Every line below from the one containing "東風(fēng)小多利卡灑水" through the one containing "SponsoredO índice de" is to be printed exactly, with the pictures omitted.

→ Records provided
*** Block opens ***

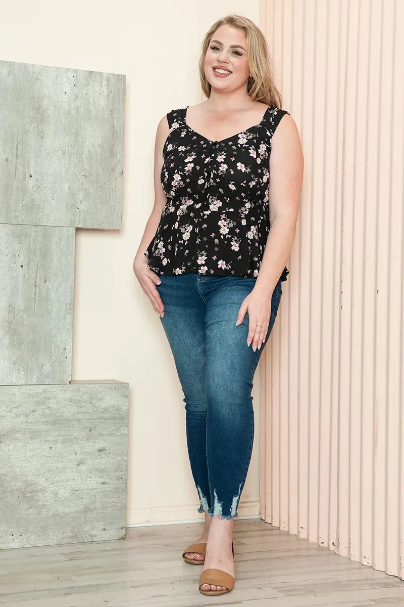 Junior Plus Size Floral Print Sweetheart Neckline Peplum Sleeveless Summer Top
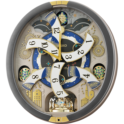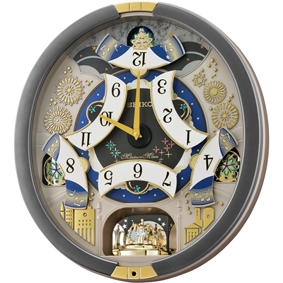 On the hour dial opens and rotates while playing randomly one of 30 melodies with opening & ending sequence
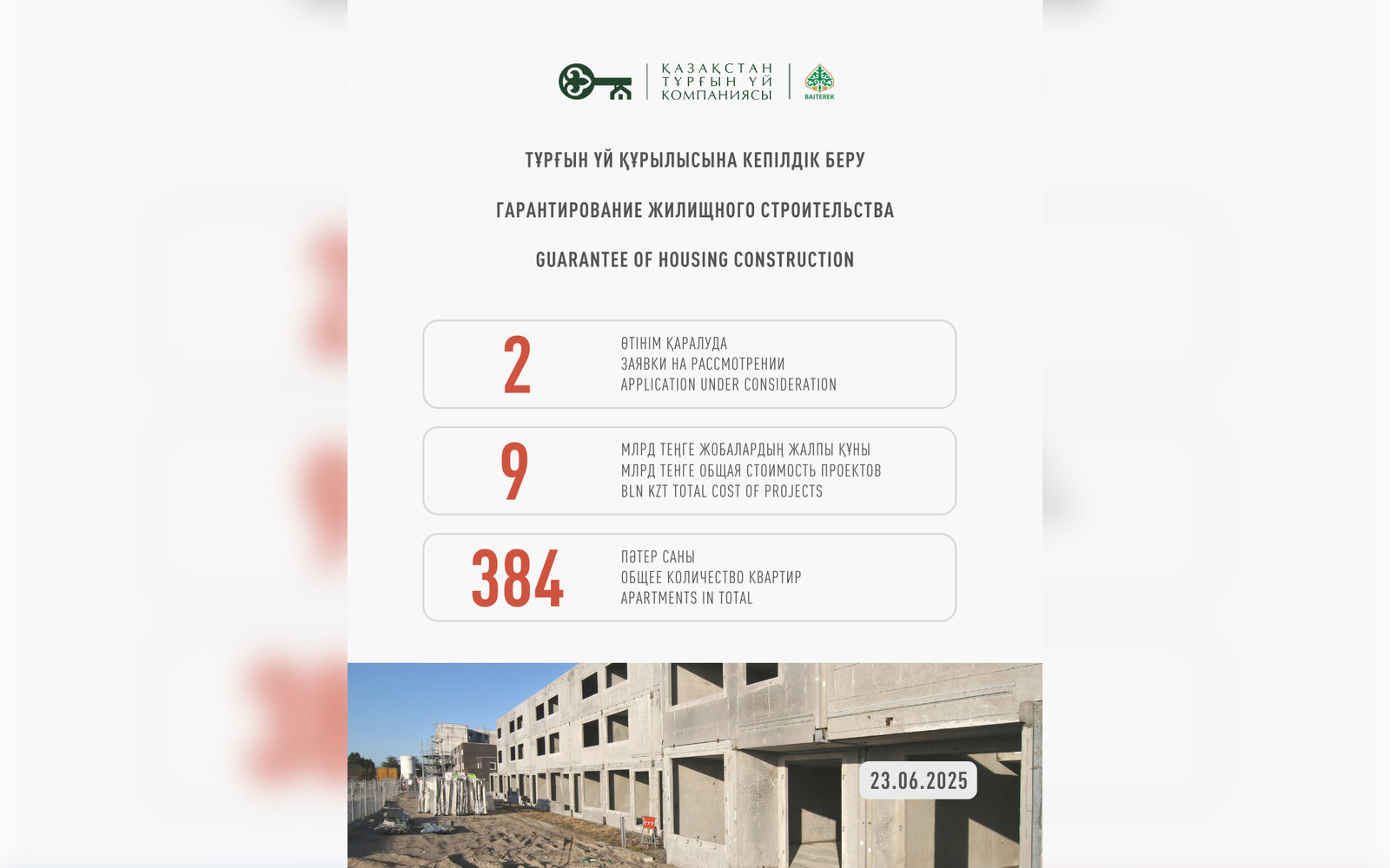 На рассмотрении Единого оператора жилищного строительства находятся 2 заявки по проектам общей стоимостью порядка 9 млрд тенге, общим количеством – 384 квартиры. Информация по действующим гарантиям размещена на интернет-ресурсе www.khc.kz в соответствии с требованиями Закона РК «О долевом участии в жилищном строительстве». Информация по объектам долевого участия, получившим гарантию и разрешение на привлечение средств дольщиков, предоставлена на homeportal.kz.
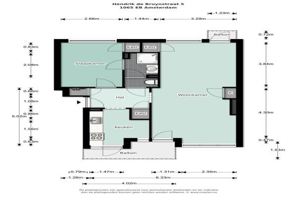Het adres van deze woning uit 1958 is Hendrik de Bruynstraat 5 te Amsterdam. Het pand heeft een oppervlakte van 60m² en heeft 2 kamers kamers waarvan 1 slaapkamers. De geschatte waarde van deze woning is € 199.000.
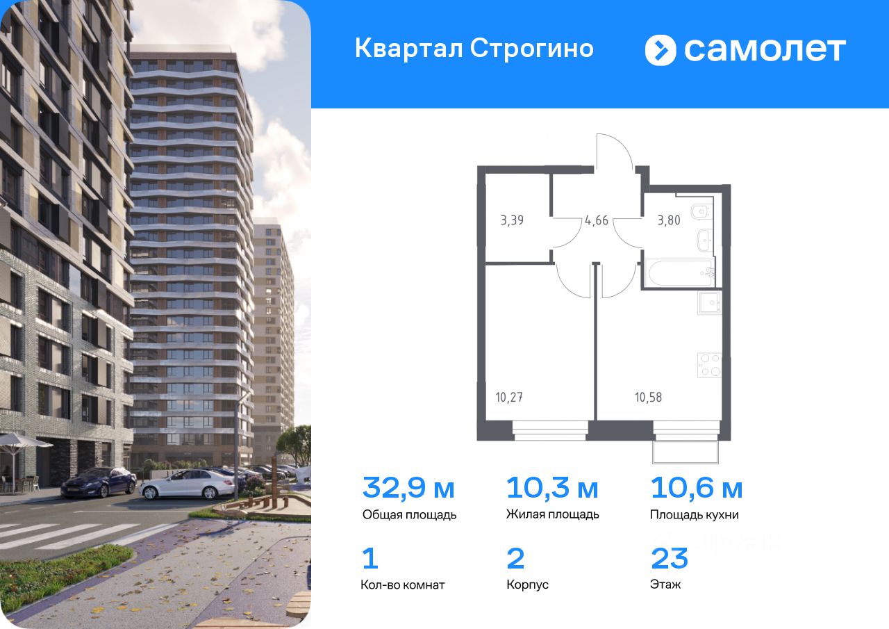 Предлагается 1-комнатная квартира комфорт-класса 32,85 кв.м в корпусе 2 на 23 этаже, в ЖК ''Квартал Строгино'' Квартира без отделки. Доступность опции ''отделка'' и возможность комплектации мебелью и декором уточняйте у застройщика.
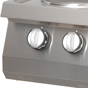 Wenn Kochgeräte jeden Tag intensiv genutzt werden, ist es wichtig, dass sie einer rauen Handhabung standhalten und lange halten. Deshalb wurde dieser zweiflammige Elektroherd für stark frequentierte Großküchen in Restaurants, Cafés und Hotels entwickelt. Das Gehäuse ist aus dickem Edelstahl gefertigt. Deshalb ist es so robust, und die äußerst langlebige Konstruktion ist ideal für den häufigen Gebrauch geeignet. Da dieses Kochfeld recht schwer ist, kann ein Edelstahlwagen mitbestellt werden.
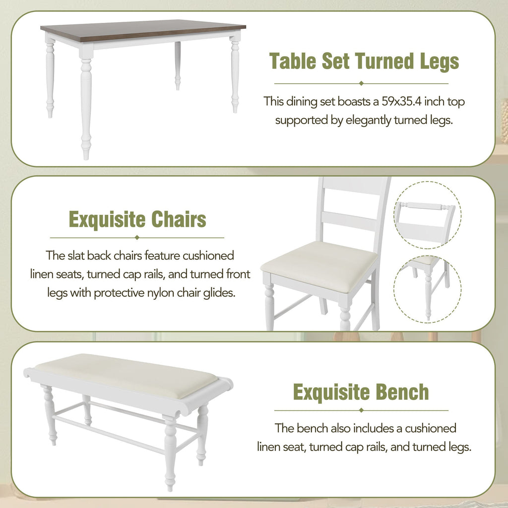 - [Retro Dining Table Set Turned Legs] This dining set boasts a 59x35.4-inch top supported by elegantly turned legs. The slat back chairs feature cushioned linen seats, turned cap rails, and turned front legs with protective nylon chair glides. The bench also includes a cushioned linen seat, turned cap rails, and turned legs. Together, they create a charmingly vintage atmosphere for your dining space.
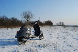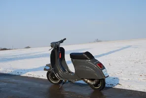 na ich hock mich doch nicht mit Snowboardklamotten auf meine Vespa
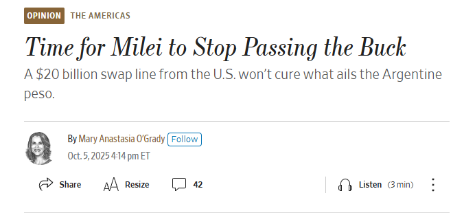 El artículo destaca que la economía argentina sigue en crisis a pesar de la línea de swap por USD 20.000 millones con EE.UU. y advierte que el peso sigue debilitándose. La periodista Mary Anastasia O’Grady señala que la salida adecuada es avanzar hacia la dolarización, ante la presión política y la inestabilidad creciente.
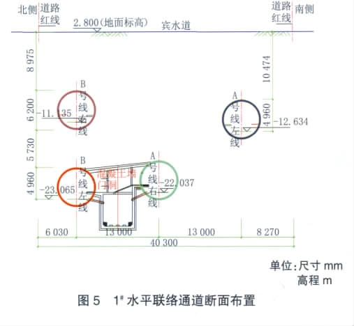 (1)联络通道设置在本条线内,左右线相连,区间综合管线布置等设计与标准水平联络通道区间方案相同。
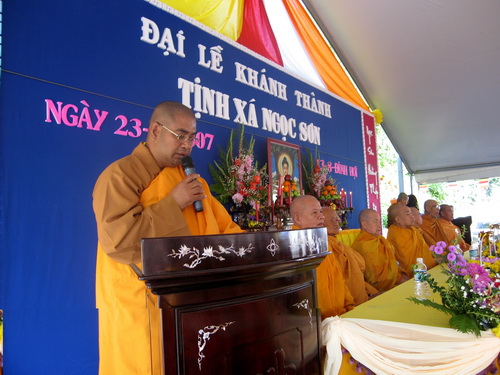 Hòa thượng Minh Thiện đang đọc diễn văn khai mạc
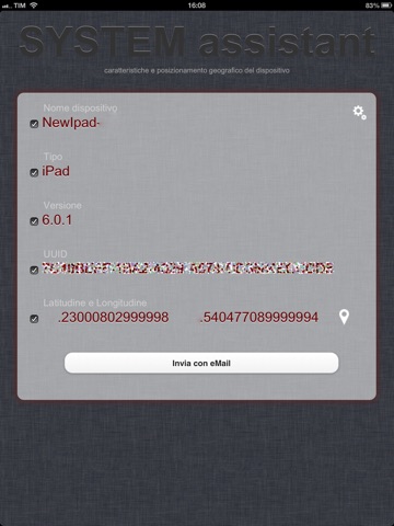 Visualizzazione e trasmissione, via eMail e/o SMS, delle caratteristiche del dispositivo e della posizione geografica.
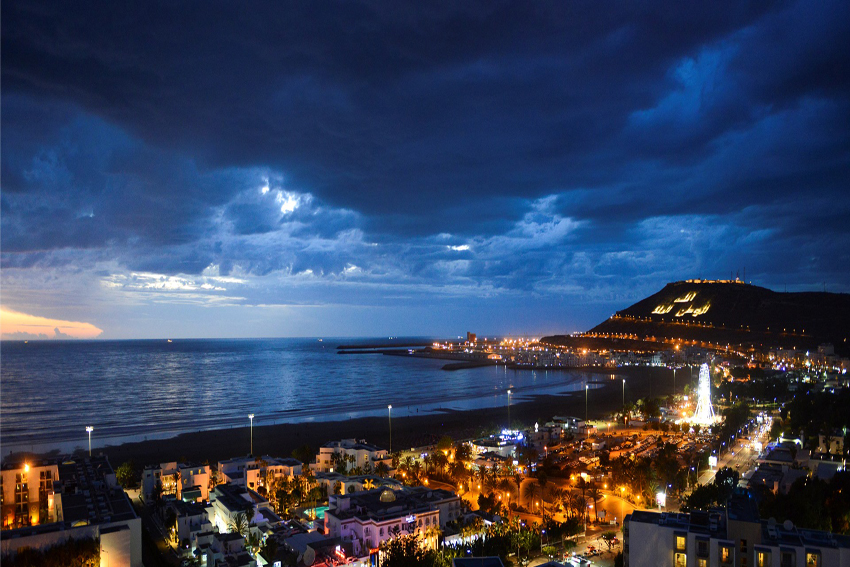 - Agadir: Une petite ville Amazighe du sud-ouest marocain, située sur la côte atlantique, dans la région du Souss, à 508 km au sud de Casablanca, à 173 km d'Essaouira et à 235 km à l'ouest de Marrakech. Avec 900 000 habitants en 2012, dans un site magnifique et sous un climat idyllique propre à vous faire oublier tous vos soucis. Longée par des boulevards bordés de palmiers et ses bars sur le front de mer. Agadir, la première station balnéaire du Maroc, possède une atmosphère décidément très occidentale.
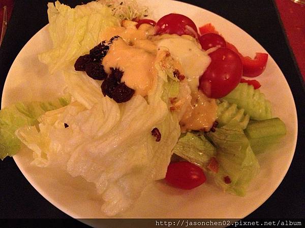 第一輪當然是清爽開胃的沙拉,自行組合了千島與凱薩醬,
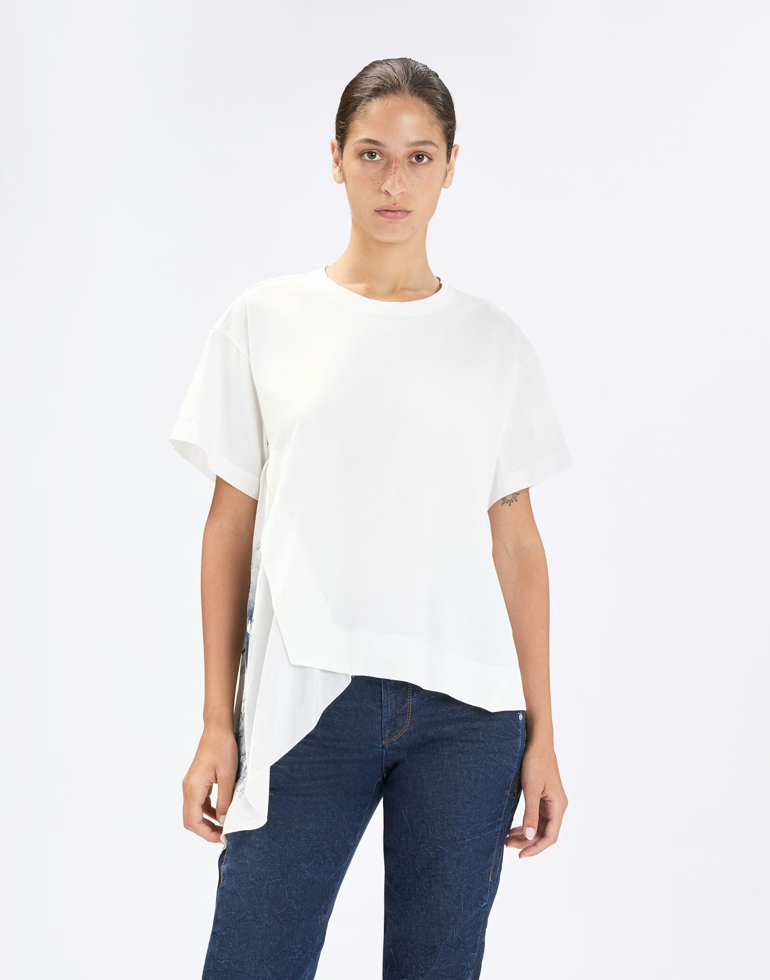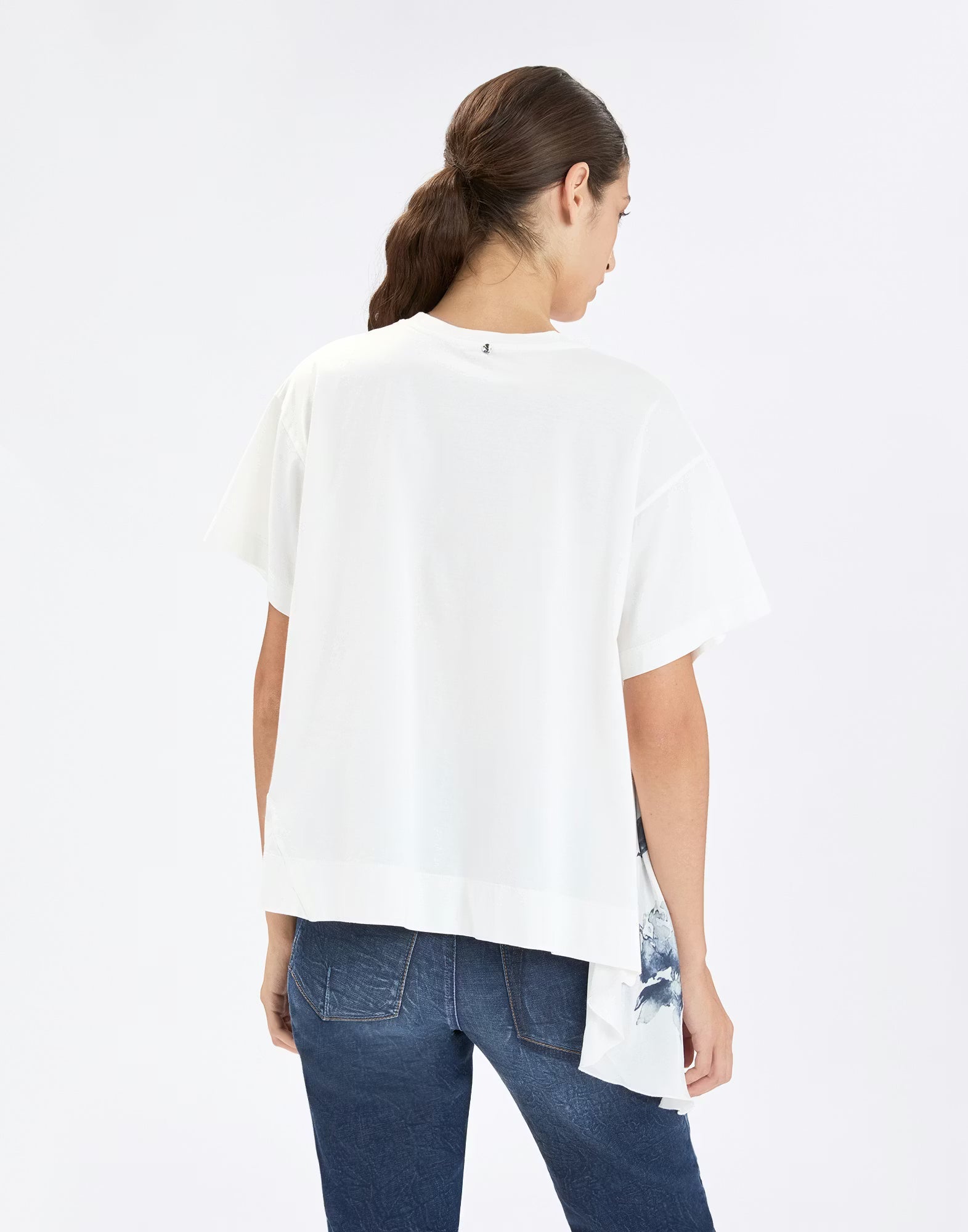 The Regatta T-shirt reinvents the classic white tee with a side insert in lightweight viscose and cupro, cut longer for a flounced effect and printed with a bold blue flower. A soft and feminine update to an everyday essential. Round neckline. Short sleeves. Side insert in viscose and cupro. Exposed stitching. Irregular hem. Swarovski® crystal on the back. Cotton jersey, lightweight, soft handfeel.
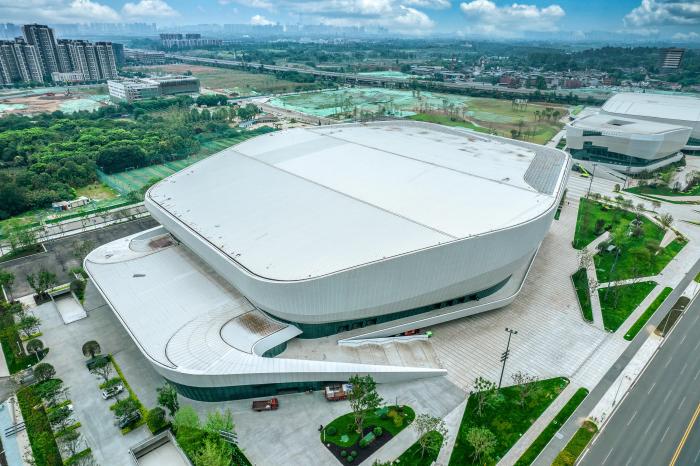 凤凰山体育公园是本届大运会篮球比赛的场馆。从空中俯瞰,形似四川盖碗茶的茶盖、茶碗与茶托。 高新体育中心体育馆
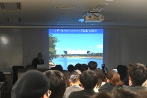 「みんなの家」では川田祥子さんから「みんなの家」とワイン販売についてのお話をお聞きしました。また「みんなの家」の老朽化などによりリニューアルを考えられているそうで、今年度はまちづくり演習の一環で「みんなの家」の改修案について中間発表をさせていただきました。参道から中庭に視線を貫かせる案や、吹き抜けを用いて1階から2階の販売スペースを見せる案、廃材やワイングラスを用いたインテリアなど好評を頂きました!
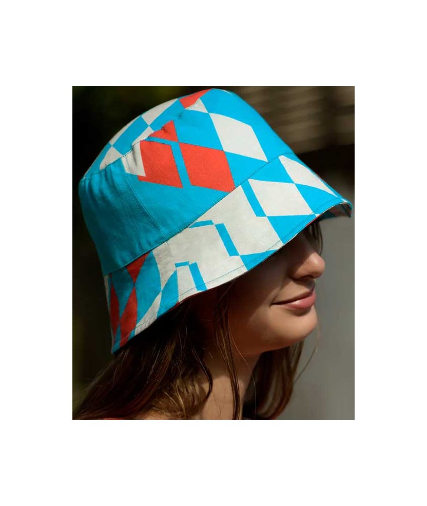 Sombrero de pescador de algodón con estampado de Kristina Nordlöf en tonos turquesa, beige y frambuesa. Presenta un ala mediana sin acolchado y con pespunte, y un forro interior de algodón crudo procedente de tejidos sobrantes. El diseño es plegable para facilitar su transporte y almacenamiento.
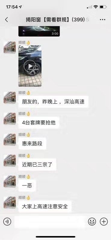 近日,在微信群里看到有个视频在疯传,网友说:在深汕高速惠来路段,有四台"套牌车"想要抢劫一台私家车……
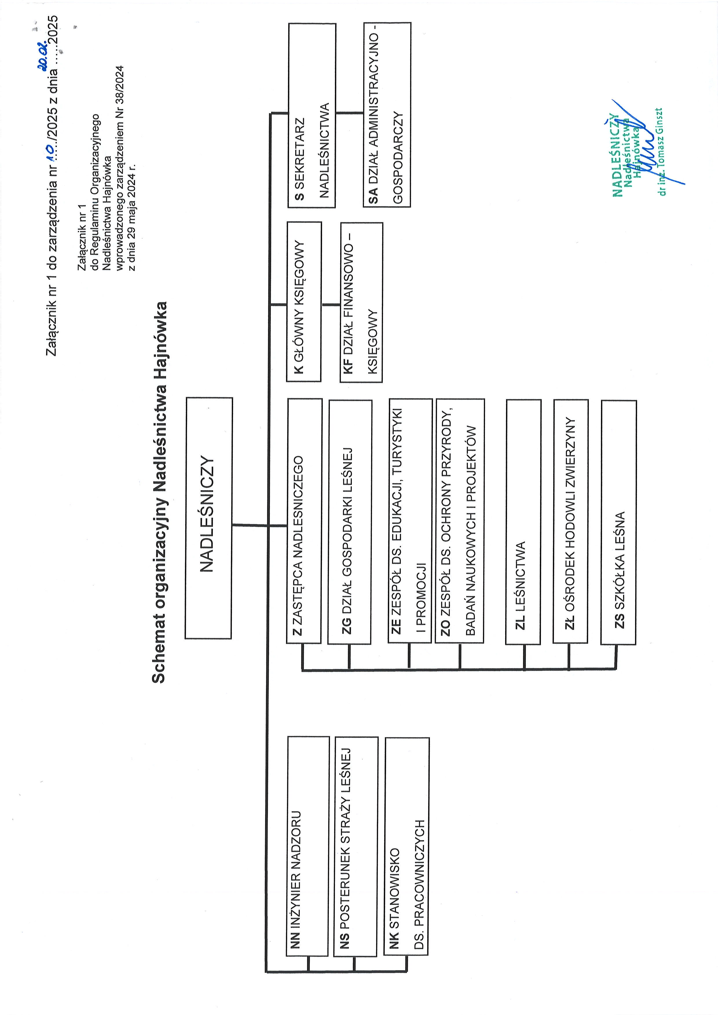 Zarządzenie nr 10/2025 Nadleśniczego Nadleśnictwa Hajnówka w sprawie zmiany regulaminu Organizacyjnego Nadleśnictwa Hajnówka z dn. 20.02.2025 r.
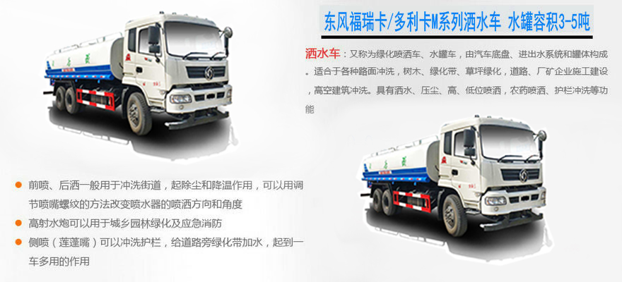 東風(fēng)小多利卡灑水車:3噸-5噸灑水車用戶最多選擇之一,東風(fēng)多利卡底盤,是東風(fēng)小霸王、福瑞卡的升級(jí)車型。 底盤配置:常用發(fā)動(dòng)機(jī)為朝柴95馬力、錫柴95馬力、四達(dá)95馬力,7.00-16輪胎,駕駛室前翻。
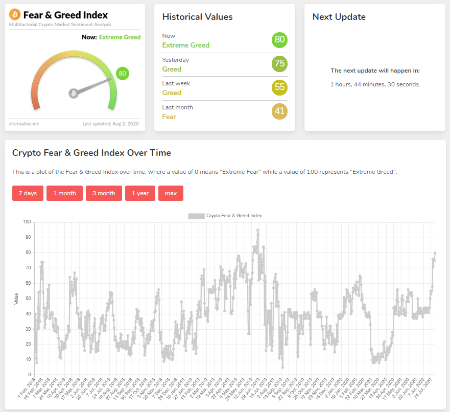 SponsoredO índice de medo e ganância está alto agora, comparado ao tempo em que ele existe (em um ciclo de baixa maior). Ainda veremos as altas que pode alcançar. No contexto de um potencial novo ciclo de alta, não creio que faça sentido usá-lo como motivo para temer uma grande liquidação.
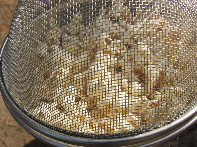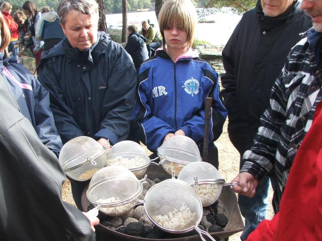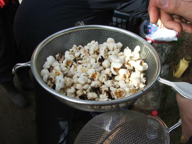 Poppkorn laget på bål smaker kjempegodt selv om det ble noen brente korn. |

*** Block closes ***

→ Answer for the task
 東風(fēng)小多利卡灑水車:3噸-5噸灑水車用戶最多選擇之一,東風(fēng)多利卡底盤,是東風(fēng)小霸王、福瑞卡的升級(jí)車型。 底盤配置:常用發(fā)動(dòng)機(jī)為朝柴95馬力、錫柴95馬力、四達(dá)95馬力,7.00-16輪胎,駕駛室前翻。
 SponsoredO índice de medo e ganância está alto agora, comparado ao tempo em que ele existe (em um ciclo de baixa maior). Ainda veremos as altas que pode alcançar. No contexto de um potencial novo ciclo de alta, não creio que faça sentido usá-lo como motivo para temer uma grande liquidação.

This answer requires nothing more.